On August 25, 2020, David Phipps exercised 400,000 options via a cashless exercise. Additionally, on August 25, 2020, Hector Delgado and two employees exercised a total of 131,000 options through a cashless exercise. The Company withheld newly acquired shares pursuant to the exercise of the Option. The amount of common stock issued is calculated by using [Number of Options Exercising] minus [Exercise Price] * [Number of Options Exercising] divided by [Prior Close OSAT Market Price]. As a result of the exercise 429,800 shares of common stock were issued.

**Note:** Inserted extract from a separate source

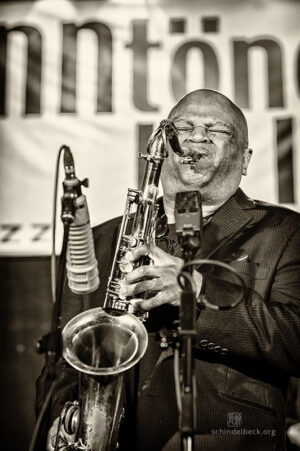 Enthusiastisch reagierte das Publikum auf das israelische Gadi Lehavi Trio, dessen Namensgeber und Pianist am Schlusstag auch Kirk Lightsey im Quartett des Saxophonisten Azar Lawrence beim Projekt „Tribute to McCoy Tyner“ vertrat. Die Ursache dieser Begeisterung ist ein wenig rätselhaft. Gewiss, da musizieren drei hörbar exzellent ausgebildete junge Musiker. Jeder Ton sitzt, Shachar Elnatan streichelt sein Schlagzeug behutsam und Tal Mashich zupft vorsichtige Akzente. Alles sehr distinguiert und geschmackvoll aber könnte man den jungen Herren verraten, dass Samthandschuhe im Jazz gelegentlich ausgezogen gehören und sublimierte Jazzgeschichte auf Dauer kein Konzept für Entwicklung ist? Auch beim Tribute-Konzert von Lawrence am kommenden Tag vermisste man das zupackende Moment am Flügel, was gerade bei einer Hommage an McCoy Tyner zu erwarten gewesen wäre. Der dynamische Kopf der Band, Azar Lawrence an den Saxophonen, konnte hingegen auf ganzer Linie überzeugen, mit spirituell-kraftvollem Sound der an Coltrane und noch mehr an George Adams erinnerte.

On December 31, 2020, the Company’s Board of Directors approved and adopted an amendment to the 2020 Incentive Plan which increased the maximum from 2,250,000 to 4,000,000 shares of the Company’s common stock and approved issuances of certain stock options to its executives, directors, employees and consultants under the Plan. David Phipps, CEO was granted 1,500,000 options, Thomas Seifert, CFO was granted 250,000 options, Hector Delgado, Director was granted 50,000 options, and six key employees and consultants were granted a total of 850,000 options, These 2,650,000 options have an exercise price of $0.25 per share, were fully vested upon issuance and expire on December 30, 2030.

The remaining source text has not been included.